Psst,  I was agreeing with you.:)


----------



## AWP (Nov 2, 2008)

CAL said:


> Psst,  I was agreeing with you.:)



Fair enough, Sir. I missed it I guess. :) My fourth point of contact must be stuffed with my head right about now....


----------



## RetPara (Nov 2, 2008)

You can park a MEU just over the horizon and let it peek over the horizon to let the locals know its there.  To quote the Dep Dir of Intelligence for the Marines.... 'a MEU is just large enough to take a big bite of a shit sandwich'

A MEU has the ability with its presence to send a strategic message of intent and will.

The Ranger Regiment and the 82nd are more of a 'OH SHIT who can we get there in the morning?' response.  Ranger and Airborne have even LESS equipment than a MEU.  So they will need a LOT more in the way of follow on support.  

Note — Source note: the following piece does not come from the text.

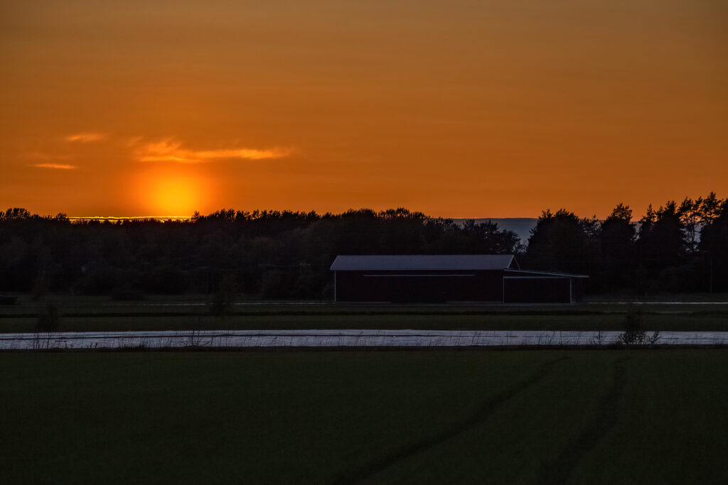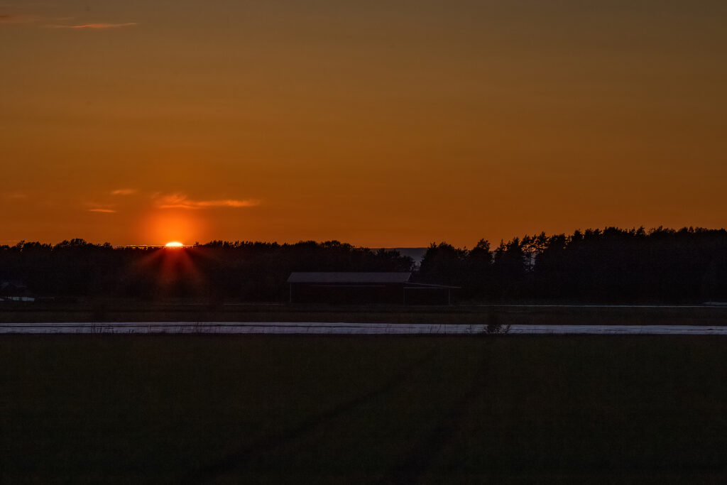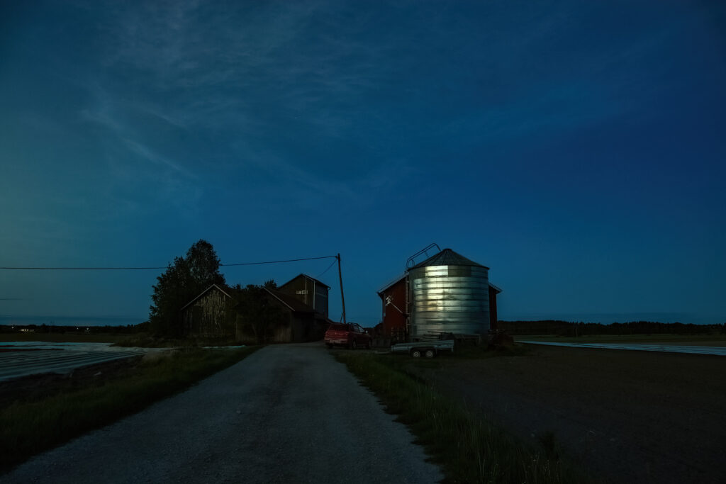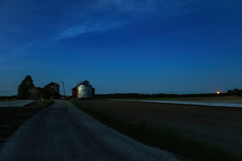 Olin sulkemassa auton takaluukkua kun näin jotain mielettömän suurta vastakkaisen pellon yläpuolella. Huuhkaja. Äänen olin kuulut useita kymmeniä kertoja vuosien saatossa, mutta itse linnun näkemiset olivat harvassa. Se lipui ilman halki hiljaisin siiveniskuin. Näky oli majesteetillinen ja tallentui verkkokalvoille ikuisiksi ajoiksi, niin vaikuttavan näköistä liitely oli. Jos jollain on iso siipien kärkiväli, niin tällä on, siis merikotkan lisäksi. Samalla yritin miettiä, minne kannattaisi suunnata kuvaaman. Kauden alussa yöpilvien määrää arvioidessa olisi hyvä oman sijainnin olla ainakin aluksi aukealla. Hirveässä paniikissa (miten ensimmäinen yö kerta toisensa jälkeen meneekin aina niin?) en keksinyt yhtään parempaa paikkaa, kuin jälleen kerran tien toisella puolella sijaitseva peltoaukea, jonne karautin autolla. Tuli hieman naureskeltua ääneen, juuri olin käynyt etsimässä uusia kuvauspaikkoja ja sitten löydän itseni kuitenkin harhailemasta naapurista…Tosin naapurissa ei ole mitään vikaa, siellä on paljon vanhoja rakennuksia, siilo, ei liikennettä ja lisäksi paikka on auki 360°. Eikä tullut pitkää kotimatkaa, nimittäin puoli kahden aikaan yöllä alkoi turnajaiskunto rapisemaan pellonpieleen ja väsymys löi kylään täydellä höökillä.

Grenada and Haiti both represent the use of SOF and Airborne units to resolve a threat or issue.


----------



## Boondocksaint375 (Nov 2, 2008)

RetPara said:


> Ranger and Airborne have even LESS equipment than a MEU. So they will need a LOT more in the way of follow on support.


 
A lot has changed in the last few years with Regiment.  The addition of the STB will help sustain ops for sure.  But to the root of things, yeah, Regiment is a shock unit.  

Being on RF1 always sucked, since we weren't allowed to go a certain distance away from Benning, just in case we had to start the 18 hr cycle. Luckily for us, however,  3/75 was finally on RF1 at the right times


----------



## Ranger Psych (Nov 2, 2008)

aint that the truth.


----------